Zum Inhalt dieses Heftes schreibt Gabriele Fischer in ihrem Editorial:

Trau dich

• Was ist Genuss? Für mich zum Beispiel ein Abend mit Freunden, gutem Essen, gutem Wein, vielleicht ein paar Zigaretten … Obwohl, darf man Alltagsdrogen loben? Und sich Wohlgefühl verschaffen in Zeiten, die politisch so unruhig sind und in denen an so vielen Orten der Welt Elend herrscht?

Es ist schwierig geworden mit dem Genuss. „Was Spaß macht, ist entweder gefährlich oder verboten“, haben wir als Jugendliche gefeixt. Inzwischen sind noch ein paar Widrigkeiten dazugekommen (S. 40, 64). Die Liste der politisch korrekten Lebensmittel schrumpft, die Zahl der Verbote nimmt zu. Gleichzeitig dringen die Dramen der Welt im Stundentakt in unser Leben: Wie soll man da noch genießen? Und vor allem was?

Ralph Giordano hat so viel Grauenhaftes erlebt, dass Oliver Link ein wenig Hemmungen hatte, ihn zu einem so banal erscheinenden Thema zu befragen – und wurde von dem alten Herrn eines Besseren belehrt. Giordano freute sich, endlich einmal über Genuss reden zu dürfen, zu dem er immer fähig gewesen sei: „Ich hatte nur nicht immer die Möglichkeit“ (S. 50). Wo es aber Möglichkeiten im Überfluss gibt, wird die Sache auch nicht einfacher. Was freut den Gast, für den Hotels schon lange nicht mehr luxuriöse Ausnahme, sondern Alltag sind? Was begeistert Menschen, die sich alles leisten können? Und wie sorgt man für Wohlgefühl an einem Ort, an dem Platz der wahre Luxus ist? Die Betreiber der Hotelkette 25hours setzen auf Überraschung (S. 70). Die Luxusgüterindustrie lernt gerade, wie anspruchsvoll ihre Kundschaft wirklich ist (S. 116). Und die Kreuzfahrt-Branche? Denkt sich immer neue Bespaßungen aus, auf dass der Gast nicht merkt, wie eng die Kabinen zwangsläufig sind (S. 122).

Es ist nicht leicht, sein Geld mit dem Genuss der anderen zu verdienen, Event-Veranstalter wissen das (S. 130). Es sei denn, man findet seinen eigenen Weg. Dann ist es gleichgültig, ob am Ende Wein oder Essig in den Flaschen funkelt, Hauptsache, der Winzer oder Essigmacher ist zufrieden damit (S. 74, 136). Doch auch wer seine Berufung in dem gefunden hat, was andere Arbeit nennen, lebt nicht ohne Gefahr. Der Wiener Andreas Wojta kochte jahrelang auf Sterne-Niveau, genoss und litt zu gleichen Teilen. Bis er seine kranke Mutter in deren Ministeriums-Kantine vertrat (S. 58).

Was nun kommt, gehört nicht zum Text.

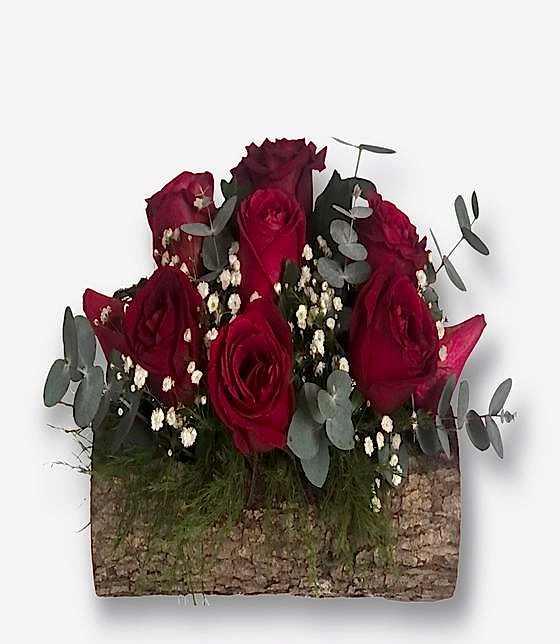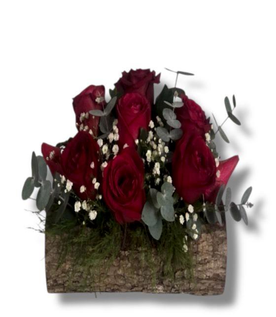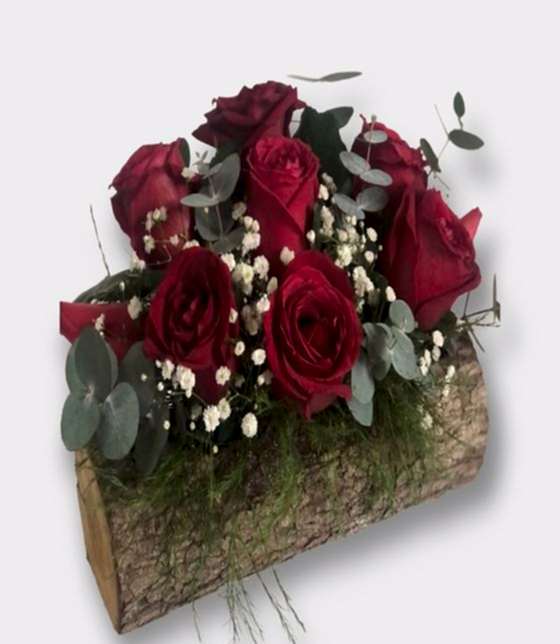 Doğal Ahşap Kütükte 9 Adet Kırmızı Gül
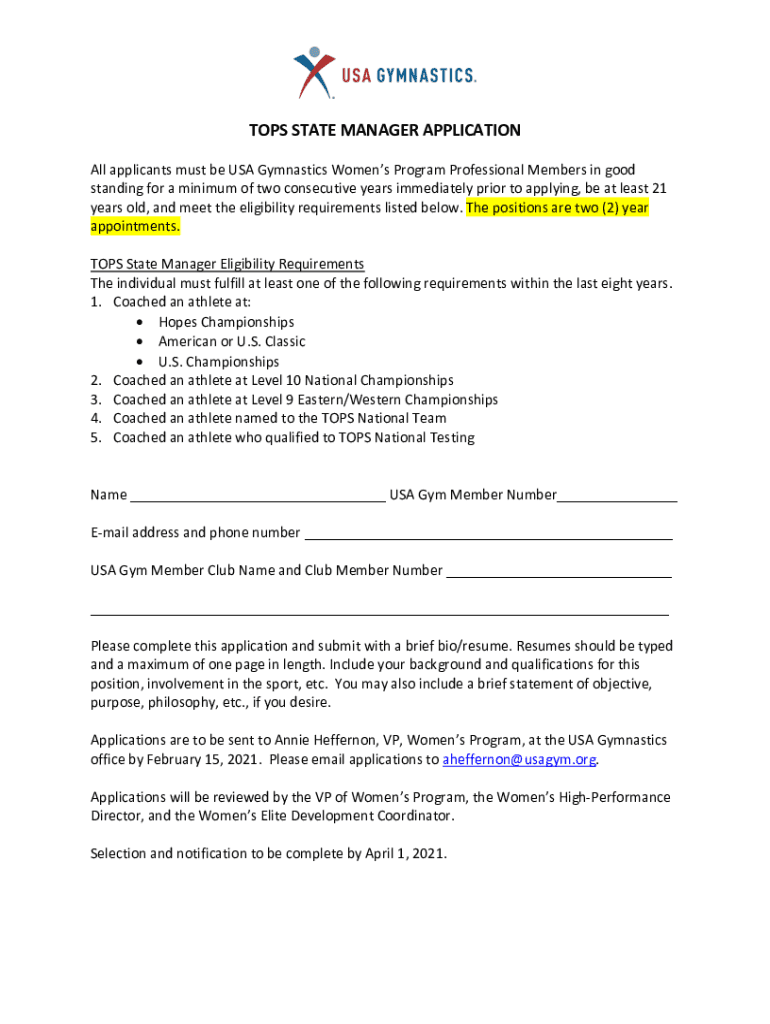 TOPS STATE MANAGER APPLICATION All applicants must be USA Gymnastics Women's Program Professional Members in good standing for a minimum of two consecutive years immediately prior to applying, be
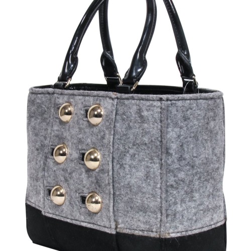 This Kate Spade handbag is the ultimate winter favorite. Made with stylish black and grey felt, it features luxurious gold double breasted buttons for a touch of elegance. Perfect for adding a chic touch to any outfit.
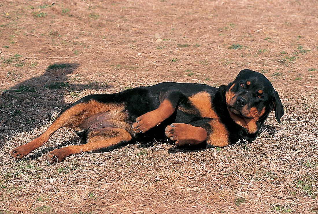 El hecho de revolcarse procura al perro una sensación muy placentera. Lo hace cuando está contento y no se siente amenazado, y a veces después del baño, especialmente si tiene a mano arena o tierra seca. A veces se da un revolcón sobre materiales orgánicos en descomposición: este es un comportamiento típico del animal salvaje que no quiere dejarse reconocer por una posible presa a través del olor corporal. Se trata de otra conducta ancestral y no es demasiado difícil enseñarle a no hacerlo, aunque se requiere una cierta cautela.
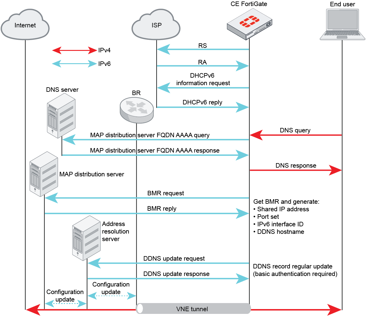The FortiGate sends a MAP rule request to the MAP distribution server once the IPv6 address is configured on the FortiGate by RS/RA. Next, the FortiGate will send an AAAA query to get the IPv6 address of the MAP distribution server. After sending the BMR request to the MAP distribution server, the FortiGate will get the IPv4 address, port set, BR IPv6 address, and hostname of the address resolution server from the BMR reply. The VNE tunnel between the FortiGate and BR is now established.

Es gibt eben keine allgemeingültige Definition für Genuss, wie der Blick in andere Länder zeigt (S. 100). Und es gibt auch keinen Grund, darauf zu verzichten. Dass man ihn lernen und dann auch noch gleich teilen kann, beweisen die inzwischen rund 400 Orchester der südamerikanischen El-Sistema-Bewegung – übrigens auch ein Lehrstück für Lehrer (S. 110).

Was gut für einen ist, sollte jeder für sich entscheiden, im Leben wie in der Liebe (S. 86). Und wer dabei an Verbotsschilder stößt, den erinnert Robert Pfaller, der Philosoph des guten Lebens, gern an Immanuel Kant. „Wirkliche Vernunft“, so Pfaller, „besteht darin, nur dort vernünftig zu sein, wo die Vernunft auch etwas verloren hat“ (S. 96).

Das hilft, nicht nur in der Weihnachtszeit.